Problem statement »
Transcribe only part of the material below: the lines from the one containing "Ya que últimamente" through the one containing "Felix to szafka", inclusive, exactly as written.

Records for the exercise »
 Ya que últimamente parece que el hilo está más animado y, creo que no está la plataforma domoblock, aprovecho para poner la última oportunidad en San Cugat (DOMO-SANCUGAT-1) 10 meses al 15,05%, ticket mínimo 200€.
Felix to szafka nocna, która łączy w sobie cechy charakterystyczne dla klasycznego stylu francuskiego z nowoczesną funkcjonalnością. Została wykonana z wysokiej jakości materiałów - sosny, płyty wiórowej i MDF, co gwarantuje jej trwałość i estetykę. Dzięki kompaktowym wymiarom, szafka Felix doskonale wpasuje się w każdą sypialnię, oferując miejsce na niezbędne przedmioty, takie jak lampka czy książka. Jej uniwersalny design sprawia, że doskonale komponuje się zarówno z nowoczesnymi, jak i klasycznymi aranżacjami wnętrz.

==

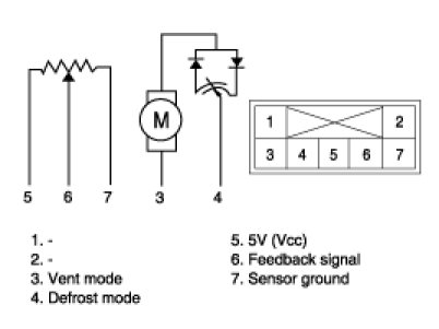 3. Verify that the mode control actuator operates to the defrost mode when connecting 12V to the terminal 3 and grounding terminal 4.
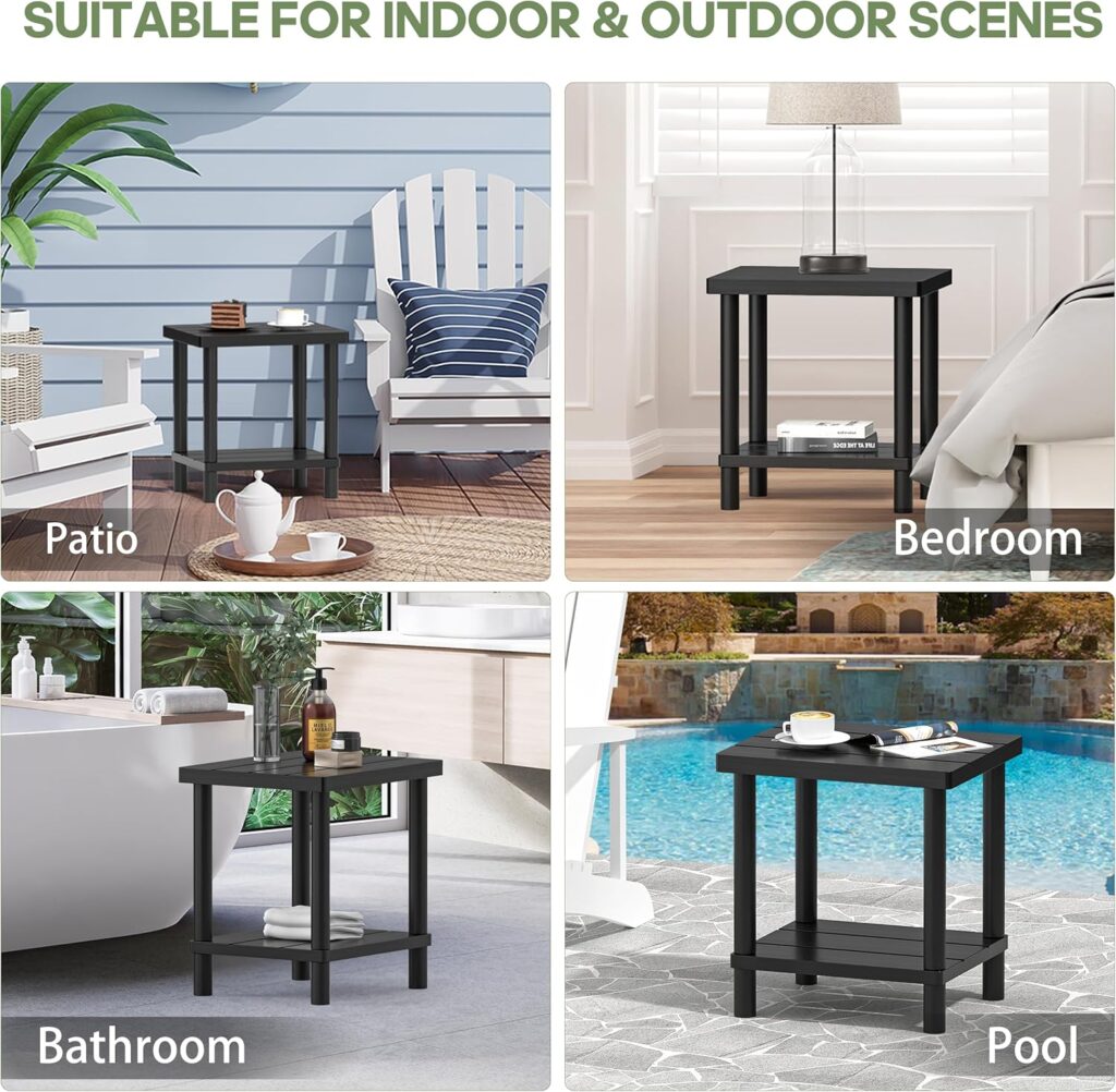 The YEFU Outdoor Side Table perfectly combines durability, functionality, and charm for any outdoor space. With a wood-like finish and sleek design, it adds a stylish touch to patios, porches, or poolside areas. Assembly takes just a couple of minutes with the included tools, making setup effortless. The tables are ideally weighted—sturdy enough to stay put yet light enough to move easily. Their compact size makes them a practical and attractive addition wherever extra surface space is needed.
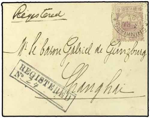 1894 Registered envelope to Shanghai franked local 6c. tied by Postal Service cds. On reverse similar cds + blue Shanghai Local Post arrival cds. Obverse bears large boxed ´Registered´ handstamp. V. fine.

Response »
 Ya que últimamente parece que el hilo está más animado y, creo que no está la plataforma domoblock, aprovecho para poner la última oportunidad en San Cugat (DOMO-SANCUGAT-1) 10 meses al 15,05%, ticket mínimo 200€.
Felix to szafka nocna, która łączy w sobie cechy charakterystyczne dla klasycznego stylu francuskiego z nowoczesną funkcjonalnością. Została wykonana z wysokiej jakości materiałów - sosny, płyty wiórowej i MDF, co gwarantuje jej trwałość i estetykę. Dzięki kompaktowym wymiarom, szafka Felix doskonale wpasuje się w każdą sypialnię, oferując miejsce na niezbędne przedmioty, takie jak lampka czy książka. Jej uniwersalny design sprawia, że doskonale komponuje się zarówno z nowoczesnymi, jak i klasycznymi aranżacjami wnętrz.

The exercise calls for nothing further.